What you are asked to do: An exact copy of every entry is needed here; the images stay out.

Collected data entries
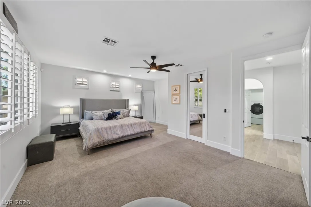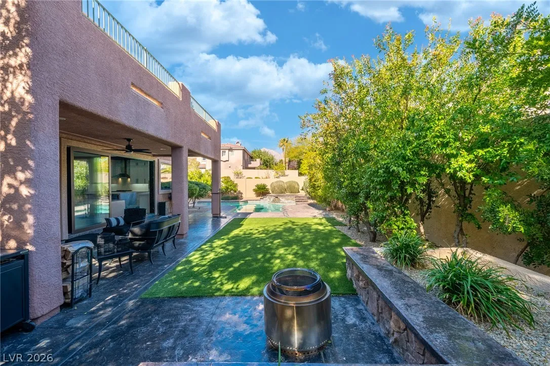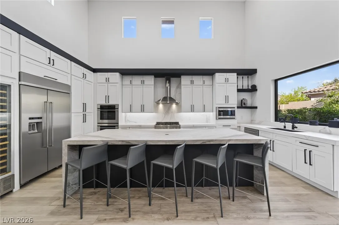 Completely remodeled home with an open floor plan and dramatic double-height ceilings in the family room and kitchen, creating a bright and spacious feel. Enjoy the convenience of single-story style living with the primary suite and private office located downstairs, while upstairs features a massive loft and three additional bedrooms, offering flexible space for family or guests. Situated on a large corner lot, the backyard is designed for entertaining with a pool and spa, plus a charming courtyard entry on the side of the home leading to the backyard. The chef’s kitchen showcases custom porcelain counter surfaces, new shaker-style custom cabinetry with upgraded storage features, and a Vinotemp wine refrigerator. Located in a gated community within walking distance to Red Rock Resort and Downtown Summerlin, with immediate access to the 215 freeway for convenience.
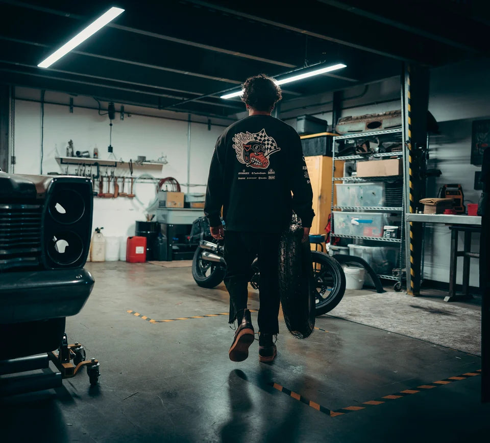 Questa maglia girocollo ispirata al mondo delle corse offre un comfort rilassato. Realizzata in 100% cotone Terry di alta qualità da 460 gr, presenta un bordo in maglia a coste di alta qualità per mantenerne la forma su polsini e corpo. Ulteriori dettagli includono doppie cuciture di rinforzo su tutte le cuciture principali, nastro interno in jersey arancione a contrasto sulla cucitura interna del collo e grafiche stampate a mano morbida su davanti, dietro e maniche.
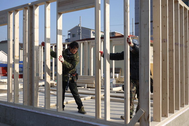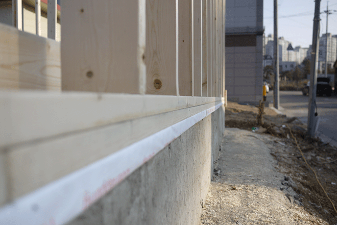 2×4, 2×6 프레임목재는 규격은 하나이지만 수입처에 따라서 등급이 달라집니다. 국내에는 보통 일반적인 구조용 3등급에서 2등급까지 사용을 하며, 좋은 것은 2등급 중에서 High Line 또는 Prime으로 따로 표기를 하여 유통을 합니다. 저희 한양하우징 목조현장은 위에 사진에서 보시는 바와 같이 나무에 피죽이 하나도 없는 곧은 High Line이나 Prime등급을 사용하는 것을 원칙이자 자존심으로 지켜나가고 있습니다.
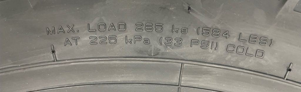 最大空気圧はタイヤのサイド部に空気圧の表示があります。(下記画像では225kPa)
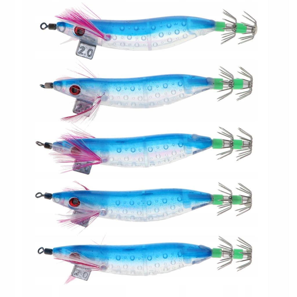 5 шт. светящиеся приманки в виде кальмара, приманки для морской рыбалки, крючки для осьминога, кальмара, синие
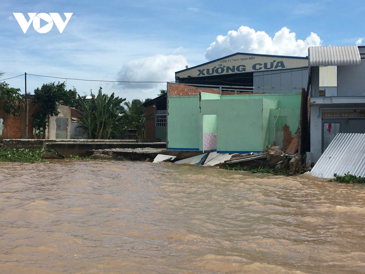 Nhiều căn nhà có nguy cơ sụp xuống dòng nước nếu sạt lở tiếp diễn
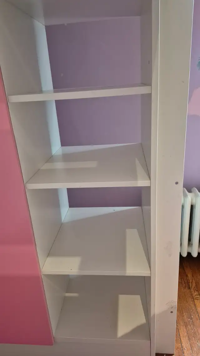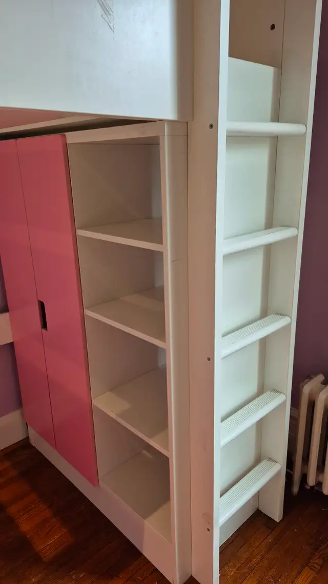 Only $290! Can deliver for a few bucks depending where you live! This Ikea Smastad loft bed is in good condition, with some wear like scratches. It's great for girls or boys. Can remove the pink drawers and pink doors for a boy. Kids love this bed! It's already been carefully DISASSEMBLED for easy transport, saving you lots of disassembly time. All the hardware and parts are there. Sells at Ikea for $900 Save big!

Task output:
 Completely remodeled home with an open floor plan and dramatic double-height ceilings in the family room and kitchen, creating a bright and spacious feel. Enjoy the convenience of single-story style living with the primary suite and private office located downstairs, while upstairs features a massive loft and three additional bedrooms, offering flexible space for family or guests. Situated on a large corner lot, the backyard is designed for entertaining with a pool and spa, plus a charming courtyard entry on the side of the home leading to the backyard. The chef’s kitchen showcases custom porcelain counter surfaces, new shaker-style custom cabinetry with upgraded storage features, and a Vinotemp wine refrigerator. Located in a gated community within walking distance to Red Rock Resort and Downtown Summerlin, with immediate access to the 215 freeway for convenience.
 Questa maglia girocollo ispirata al mondo delle corse offre un comfort rilassato. Realizzata in 100% cotone Terry di alta qualità da 460 gr, presenta un bordo in maglia a coste di alta qualità per mantenerne la forma su polsini e corpo. Ulteriori dettagli includono doppie cuciture di rinforzo su tutte le cuciture principali, nastro interno in jersey arancione a contrasto sulla cucitura interna del collo e grafiche stampate a mano morbida su davanti, dietro e maniche.
 2×4, 2×6 프레임목재는 규격은 하나이지만 수입처에 따라서 등급이 달라집니다. 국내에는 보통 일반적인 구조용 3등급에서 2등급까지 사용을 하며, 좋은 것은 2등급 중에서 High Line 또는 Prime으로 따로 표기를 하여 유통을 합니다. 저희 한양하우징 목조현장은 위에 사진에서 보시는 바와 같이 나무에 피죽이 하나도 없는 곧은 High Line이나 Prime등급을 사용하는 것을 원칙이자 자존심으로 지켜나가고 있습니다.
 最大空気圧はタイヤのサイド部に空気圧の表示があります。(下記画像では225kPa)
 5 шт. светящиеся приманки в виде кальмара, приманки для морской рыбалки, крючки для осьминога, кальмара, синие
 Nhiều căn nhà có nguy cơ sụp xuống dòng nước nếu sạt lở tiếp diễn
 Only $290! Can deliver for a few bucks depending where you live! This Ikea Smastad loft bed is in good condition, with some wear like scratches. It's great for girls or boys. Can remove the pink drawers and pink doors for a boy. Kids love this bed! It's already been carefully DISASSEMBLED for easy transport, saving you lots of disassembly time. All the hardware and parts are there. Sells at Ikea for $900 Save big!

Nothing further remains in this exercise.